> _DATA SHOWN_:
··········

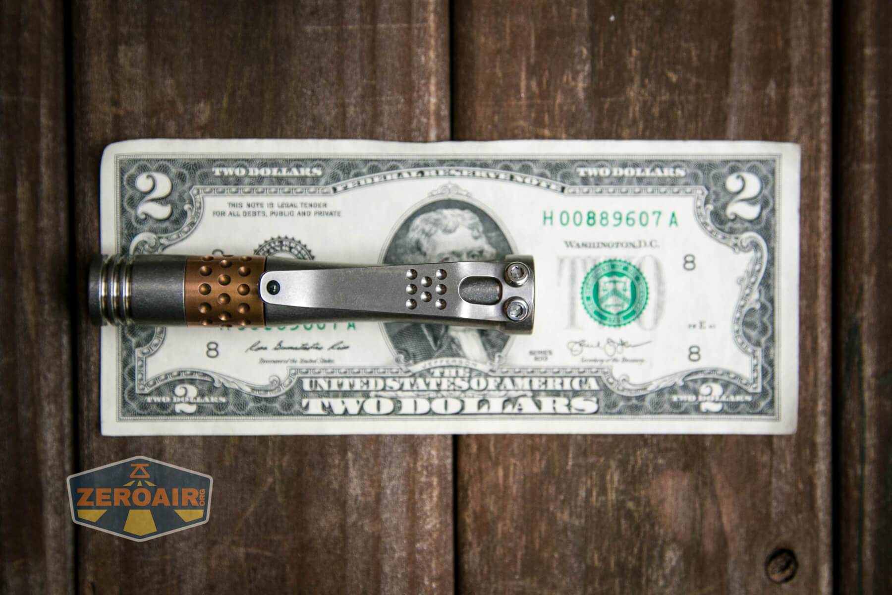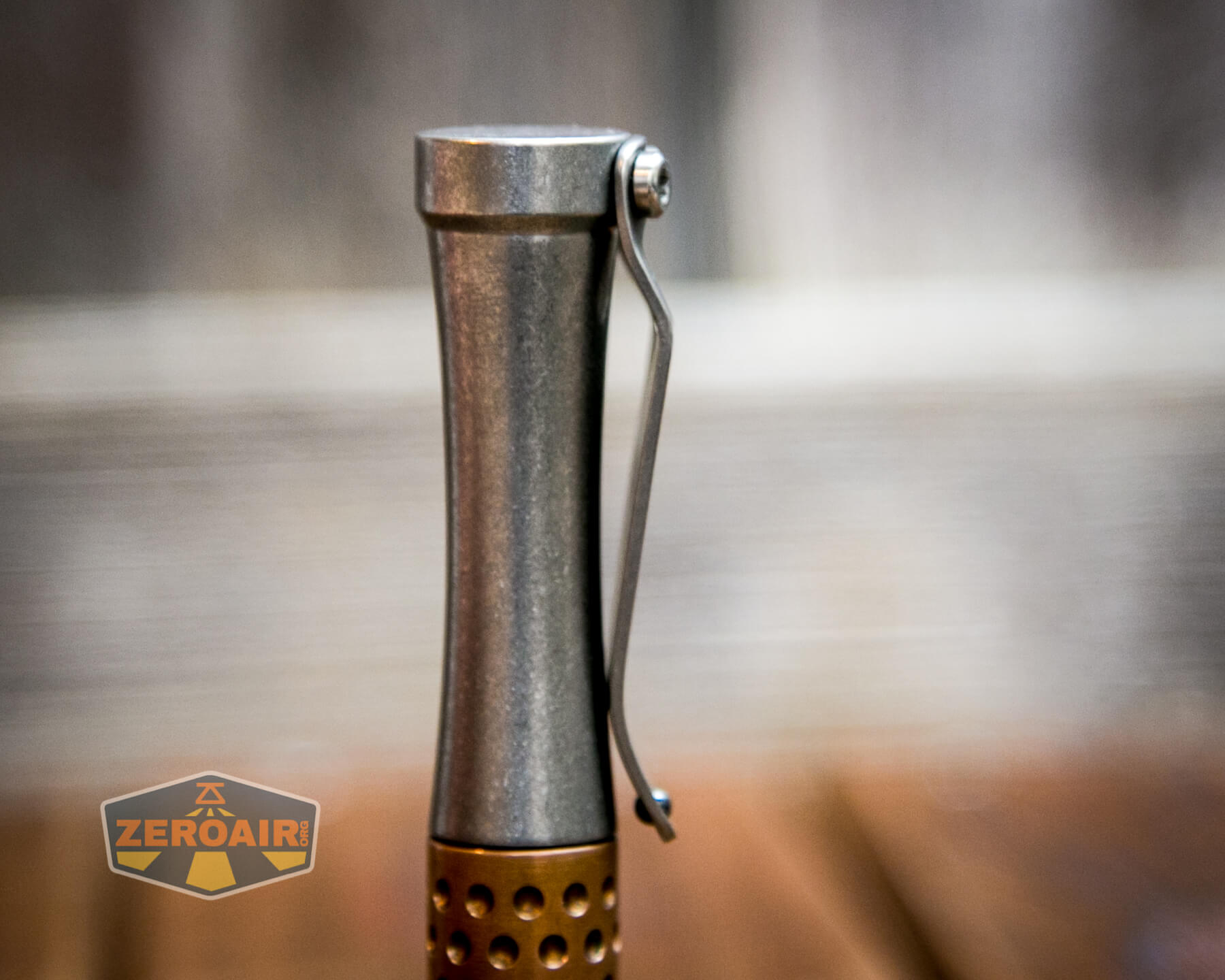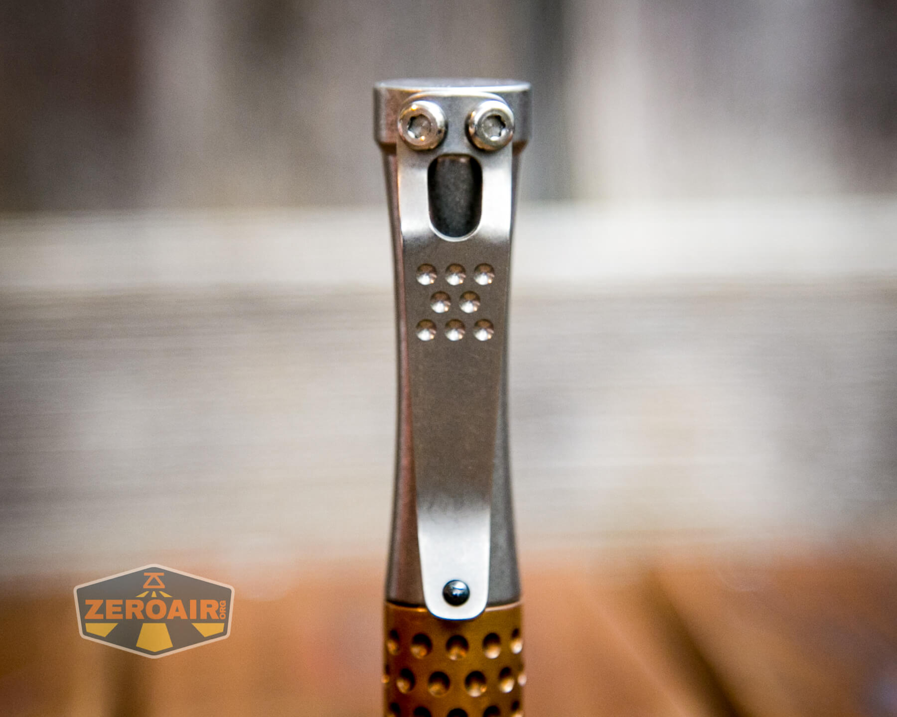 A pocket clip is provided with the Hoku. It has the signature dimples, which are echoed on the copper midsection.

··········

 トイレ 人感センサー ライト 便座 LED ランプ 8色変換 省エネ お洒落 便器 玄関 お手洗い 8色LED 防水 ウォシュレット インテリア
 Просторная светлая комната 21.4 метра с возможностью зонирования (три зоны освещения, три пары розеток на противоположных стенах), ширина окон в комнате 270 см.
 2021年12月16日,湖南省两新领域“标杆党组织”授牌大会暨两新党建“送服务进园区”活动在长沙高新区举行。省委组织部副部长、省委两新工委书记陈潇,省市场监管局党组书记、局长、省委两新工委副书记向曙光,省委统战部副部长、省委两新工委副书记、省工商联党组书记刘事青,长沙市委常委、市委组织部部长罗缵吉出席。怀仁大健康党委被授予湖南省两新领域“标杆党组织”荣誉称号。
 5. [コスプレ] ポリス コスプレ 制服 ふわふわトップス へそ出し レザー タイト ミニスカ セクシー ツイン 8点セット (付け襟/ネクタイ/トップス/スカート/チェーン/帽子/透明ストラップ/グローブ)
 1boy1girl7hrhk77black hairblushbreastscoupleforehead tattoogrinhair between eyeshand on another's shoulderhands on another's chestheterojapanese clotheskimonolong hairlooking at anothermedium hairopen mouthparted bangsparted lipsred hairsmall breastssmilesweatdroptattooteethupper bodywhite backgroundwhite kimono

··········

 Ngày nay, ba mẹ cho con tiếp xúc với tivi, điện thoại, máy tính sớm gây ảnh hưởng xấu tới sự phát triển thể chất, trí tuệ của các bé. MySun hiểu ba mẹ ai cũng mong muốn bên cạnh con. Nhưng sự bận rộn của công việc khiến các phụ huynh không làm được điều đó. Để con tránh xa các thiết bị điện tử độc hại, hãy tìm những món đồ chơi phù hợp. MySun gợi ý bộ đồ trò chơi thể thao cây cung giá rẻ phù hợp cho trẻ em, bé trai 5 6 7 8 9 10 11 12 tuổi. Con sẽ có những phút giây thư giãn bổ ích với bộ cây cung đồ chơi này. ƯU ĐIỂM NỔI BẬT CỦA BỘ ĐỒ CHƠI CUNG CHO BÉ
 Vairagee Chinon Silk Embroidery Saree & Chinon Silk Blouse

··········

> _WORK ITEM_: Where the data above reaches the line holding "5. [コスプレ] ポリス", begin printing, and stop after the line holding "bodywhite backgroundwhite kimono". Each line must be reproduced exactly, with nothing else added.

> _COMPLETED TASK_:
 5. [コスプレ] ポリス コスプレ 制服 ふわふわトップス へそ出し レザー タイト ミニスカ セクシー ツイン 8点セット (付け襟/ネクタイ/トップス/スカート/チェーン/帽子/透明ストラップ/グローブ)
 1boy1girl7hrhk77black hairblushbreastscoupleforehead tattoogrinhair between eyeshand on another's shoulderhands on another's chestheterojapanese clotheskimonolong hairlooking at anothermedium hairopen mouthparted bangsparted lipsred hairsmall breastssmilesweatdroptattooteethupper bodywhite backgroundwhite kimono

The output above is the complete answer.